*DATA FOR THIS EXERCISE:*
#####

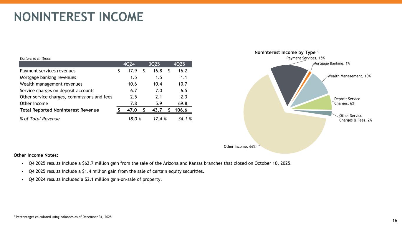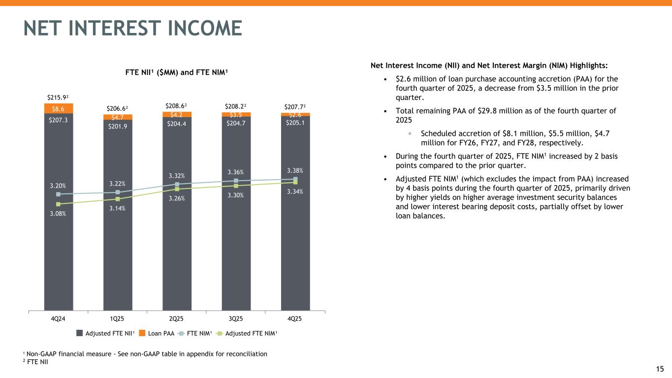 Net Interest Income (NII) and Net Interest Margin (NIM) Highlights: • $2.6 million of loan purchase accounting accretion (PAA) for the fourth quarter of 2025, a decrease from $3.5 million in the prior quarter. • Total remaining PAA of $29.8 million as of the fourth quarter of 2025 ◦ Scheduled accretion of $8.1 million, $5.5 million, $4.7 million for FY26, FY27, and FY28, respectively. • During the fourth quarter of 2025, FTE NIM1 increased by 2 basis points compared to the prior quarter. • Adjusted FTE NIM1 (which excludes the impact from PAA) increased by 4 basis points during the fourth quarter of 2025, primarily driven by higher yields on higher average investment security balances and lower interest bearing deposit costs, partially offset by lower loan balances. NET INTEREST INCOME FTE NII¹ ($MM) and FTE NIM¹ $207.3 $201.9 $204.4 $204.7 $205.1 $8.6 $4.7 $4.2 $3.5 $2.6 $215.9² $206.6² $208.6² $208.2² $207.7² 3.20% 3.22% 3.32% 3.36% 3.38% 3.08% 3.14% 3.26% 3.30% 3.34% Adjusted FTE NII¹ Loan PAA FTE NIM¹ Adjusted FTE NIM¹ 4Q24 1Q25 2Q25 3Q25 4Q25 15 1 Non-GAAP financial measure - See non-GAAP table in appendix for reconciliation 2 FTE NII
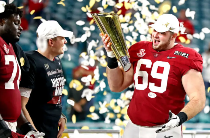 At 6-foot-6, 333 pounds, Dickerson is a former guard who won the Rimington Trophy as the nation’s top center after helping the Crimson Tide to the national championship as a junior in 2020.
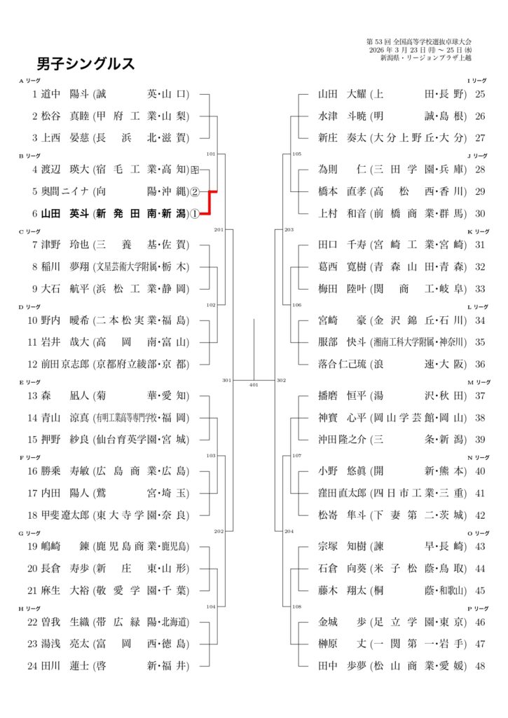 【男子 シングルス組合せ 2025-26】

#####

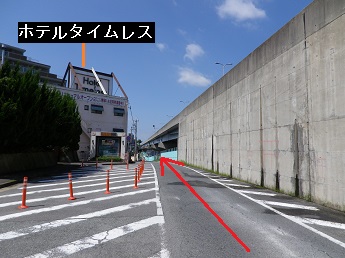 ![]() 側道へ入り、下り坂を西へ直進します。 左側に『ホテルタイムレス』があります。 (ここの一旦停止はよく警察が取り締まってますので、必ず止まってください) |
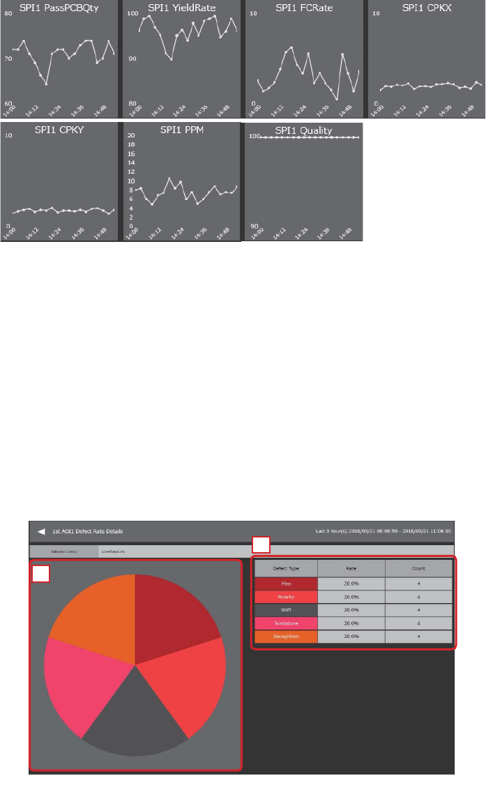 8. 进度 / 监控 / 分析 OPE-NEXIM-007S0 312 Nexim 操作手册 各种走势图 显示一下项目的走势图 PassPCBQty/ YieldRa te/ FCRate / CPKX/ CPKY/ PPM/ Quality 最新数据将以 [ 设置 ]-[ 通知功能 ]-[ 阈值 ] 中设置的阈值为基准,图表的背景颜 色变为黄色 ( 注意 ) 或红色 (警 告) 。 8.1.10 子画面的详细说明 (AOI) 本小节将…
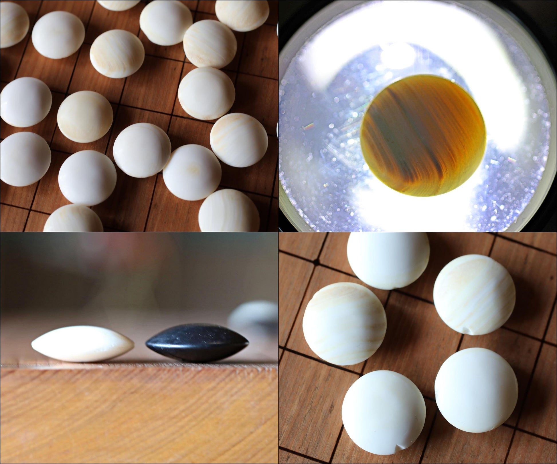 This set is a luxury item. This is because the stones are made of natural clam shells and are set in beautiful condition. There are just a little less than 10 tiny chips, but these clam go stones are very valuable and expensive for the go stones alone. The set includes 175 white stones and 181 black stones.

#####

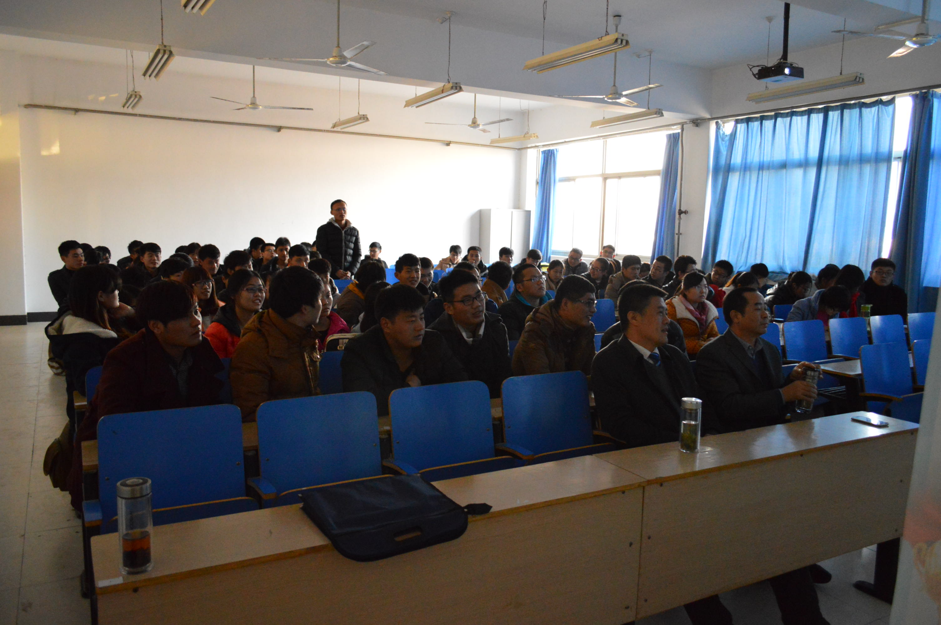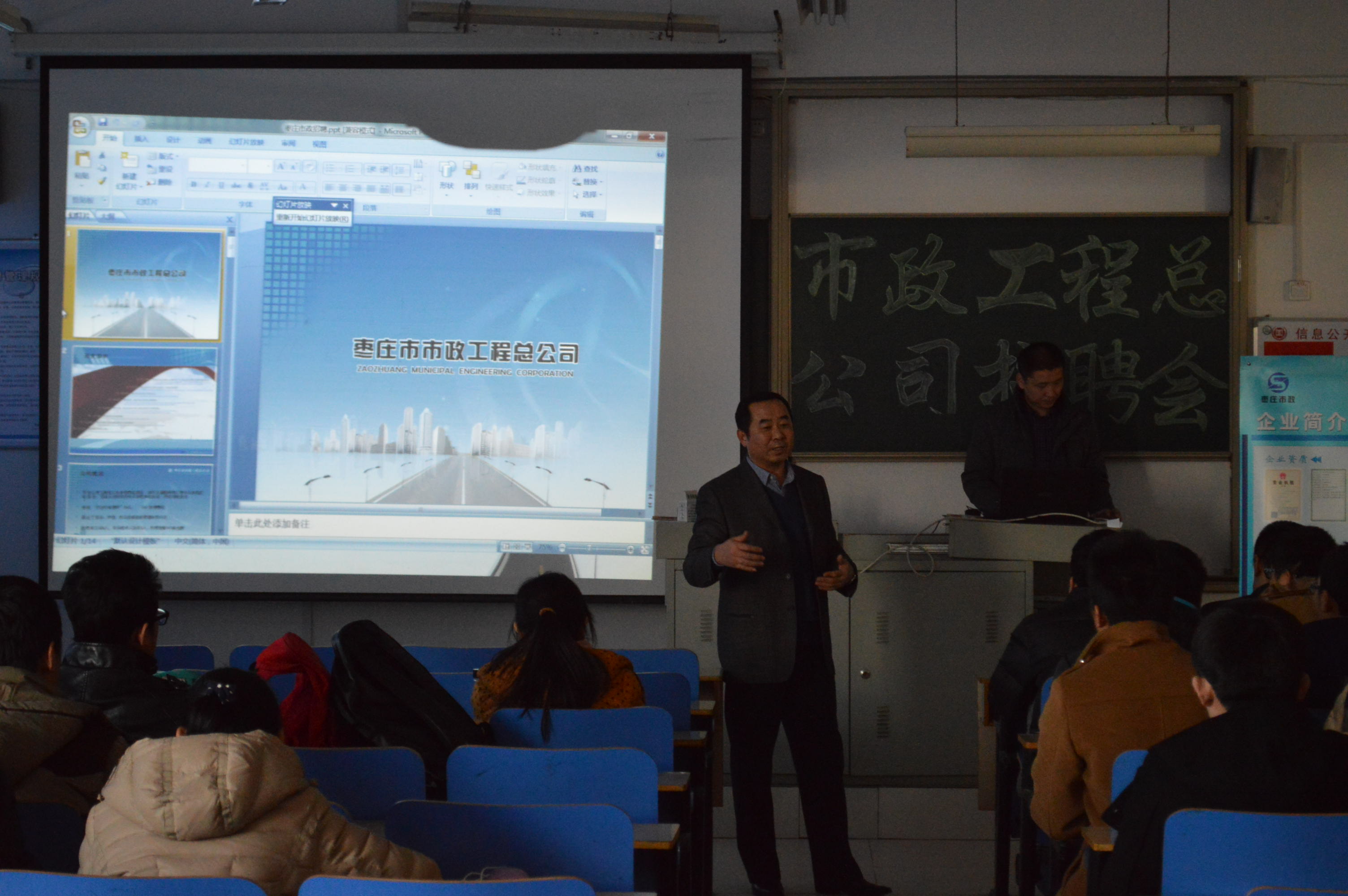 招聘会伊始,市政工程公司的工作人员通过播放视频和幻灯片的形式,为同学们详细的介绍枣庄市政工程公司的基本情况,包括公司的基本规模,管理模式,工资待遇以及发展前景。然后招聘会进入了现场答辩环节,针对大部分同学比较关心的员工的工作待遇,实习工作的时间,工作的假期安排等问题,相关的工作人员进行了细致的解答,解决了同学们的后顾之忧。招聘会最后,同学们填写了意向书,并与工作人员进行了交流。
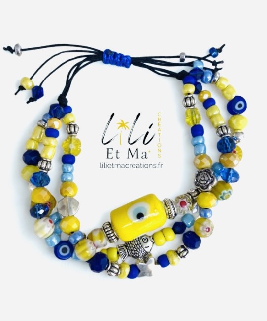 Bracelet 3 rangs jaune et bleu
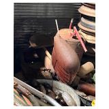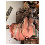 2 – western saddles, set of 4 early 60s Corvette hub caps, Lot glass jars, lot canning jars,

#####

*ABOUT THIS TASK:* All lines above from the one containing "8. 进度 / 监控 /" up to and including the one containing "This set is" are to be set down exactly, and nothing else. Leave images out.

*EXERCISE RESPONSE:*
 8. 进度 / 监控 / 分析 OPE-NEXIM-007S0 312 Nexim 操作手册 各种走势图 显示一下项目的走势图 PassPCBQty/ YieldRa te/ FCRate / CPKX/ CPKY/ PPM/ Quality 最新数据将以 [ 设置 ]-[ 通知功能 ]-[ 阈值 ] 中设置的阈值为基准,图表的背景颜 色变为黄色 ( 注意 ) 或红色 (警 告) 。 8.1.10 子画面的详细说明 (AOI) 本小节将…
 This set is a luxury item. This is because the stones are made of natural clam shells and are set in beautiful condition. There are just a little less than 10 tiny chips, but these clam go stones are very valuable and expensive for the go stones alone. The set includes 175 white stones and 181 black stones.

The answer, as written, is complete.